■ Extracted data ■
____
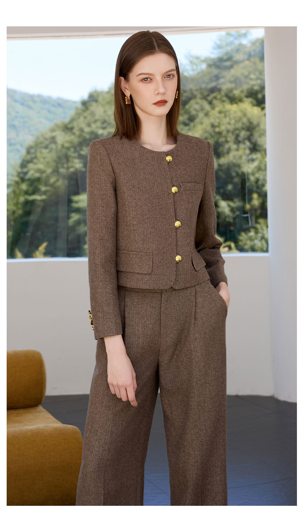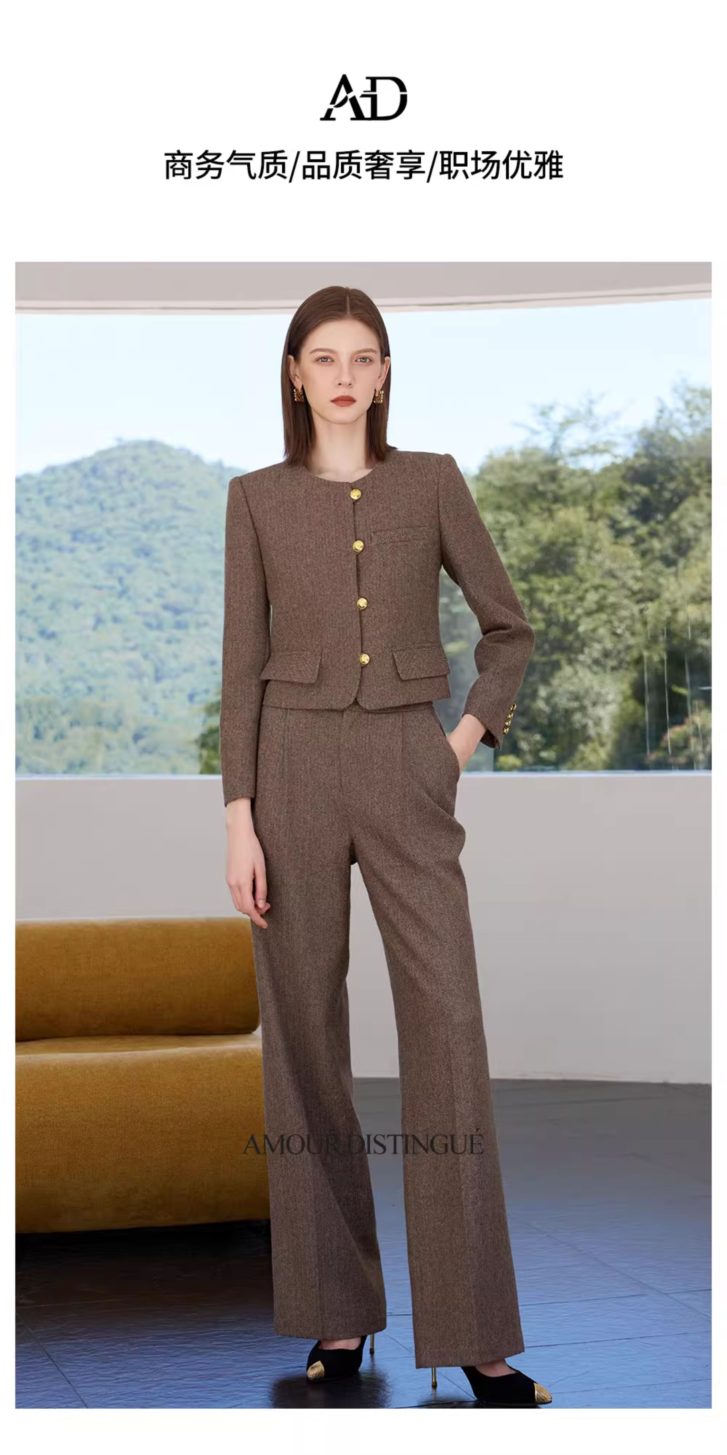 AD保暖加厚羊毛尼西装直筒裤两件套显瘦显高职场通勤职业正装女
____
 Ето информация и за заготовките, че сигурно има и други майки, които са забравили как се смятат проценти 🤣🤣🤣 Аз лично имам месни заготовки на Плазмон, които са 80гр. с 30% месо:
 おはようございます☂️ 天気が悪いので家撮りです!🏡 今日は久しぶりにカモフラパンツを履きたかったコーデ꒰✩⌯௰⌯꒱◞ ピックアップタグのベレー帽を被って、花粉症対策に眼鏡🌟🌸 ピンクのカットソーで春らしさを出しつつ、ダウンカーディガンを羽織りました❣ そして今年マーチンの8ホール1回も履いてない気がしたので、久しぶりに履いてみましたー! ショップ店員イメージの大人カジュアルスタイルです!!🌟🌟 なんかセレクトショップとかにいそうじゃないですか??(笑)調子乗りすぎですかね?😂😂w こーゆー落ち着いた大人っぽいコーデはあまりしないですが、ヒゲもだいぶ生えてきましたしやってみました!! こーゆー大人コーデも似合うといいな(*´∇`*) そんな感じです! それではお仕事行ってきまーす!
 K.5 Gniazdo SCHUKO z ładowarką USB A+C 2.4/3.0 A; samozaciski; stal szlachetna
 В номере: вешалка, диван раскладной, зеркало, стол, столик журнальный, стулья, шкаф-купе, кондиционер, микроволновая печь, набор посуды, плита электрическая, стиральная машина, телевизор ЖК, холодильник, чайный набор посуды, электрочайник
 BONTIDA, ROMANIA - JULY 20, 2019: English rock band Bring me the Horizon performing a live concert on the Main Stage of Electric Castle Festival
____
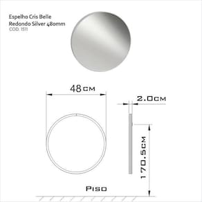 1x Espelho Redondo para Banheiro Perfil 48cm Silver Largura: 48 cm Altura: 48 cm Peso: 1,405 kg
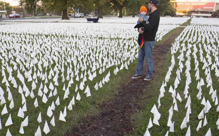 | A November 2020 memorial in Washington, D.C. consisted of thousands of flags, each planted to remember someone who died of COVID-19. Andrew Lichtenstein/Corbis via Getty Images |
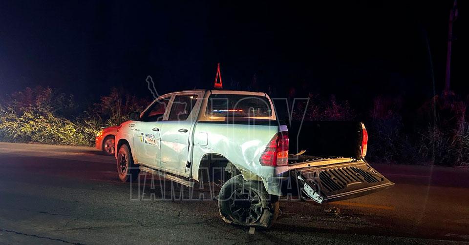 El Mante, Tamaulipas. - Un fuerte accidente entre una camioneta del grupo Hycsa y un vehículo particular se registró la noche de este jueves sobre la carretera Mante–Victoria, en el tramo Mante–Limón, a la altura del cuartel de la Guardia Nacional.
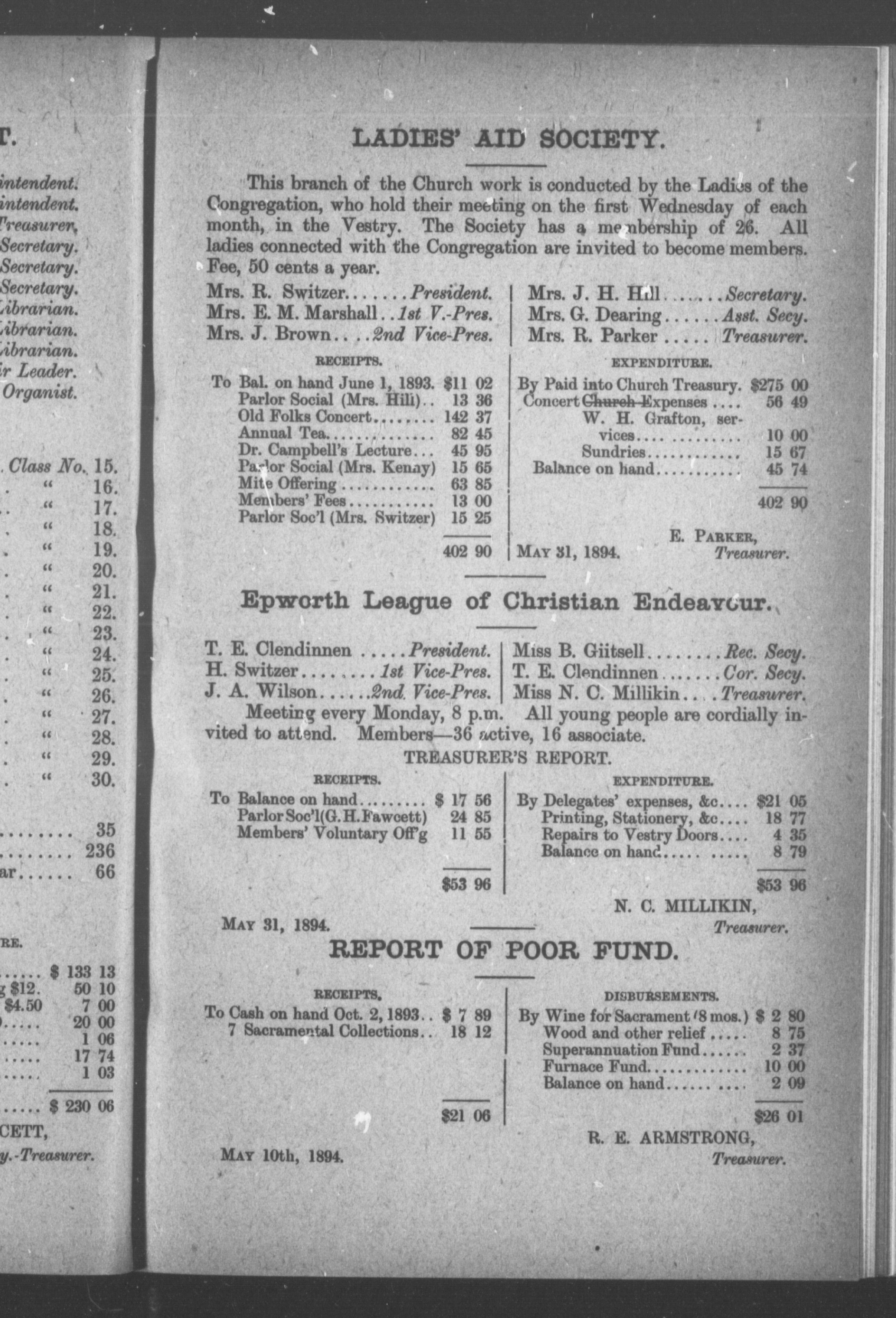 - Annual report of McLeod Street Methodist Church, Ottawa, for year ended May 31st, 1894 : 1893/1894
____
■ Instructions to follow ■
Find the line with "El Mante, Tamaulipas." and the line with "- Annual report" in the records above. Copy both and all lines between them exactly, without pictures.

■ Solution to this exercise ■
 El Mante, Tamaulipas. - Un fuerte accidente entre una camioneta del grupo Hycsa y un vehículo particular se registró la noche de este jueves sobre la carretera Mante–Victoria, en el tramo Mante–Limón, a la altura del cuartel de la Guardia Nacional.
 - Annual report of McLeod Street Methodist Church, Ottawa, for year ended May 31st, 1894 : 1893/1894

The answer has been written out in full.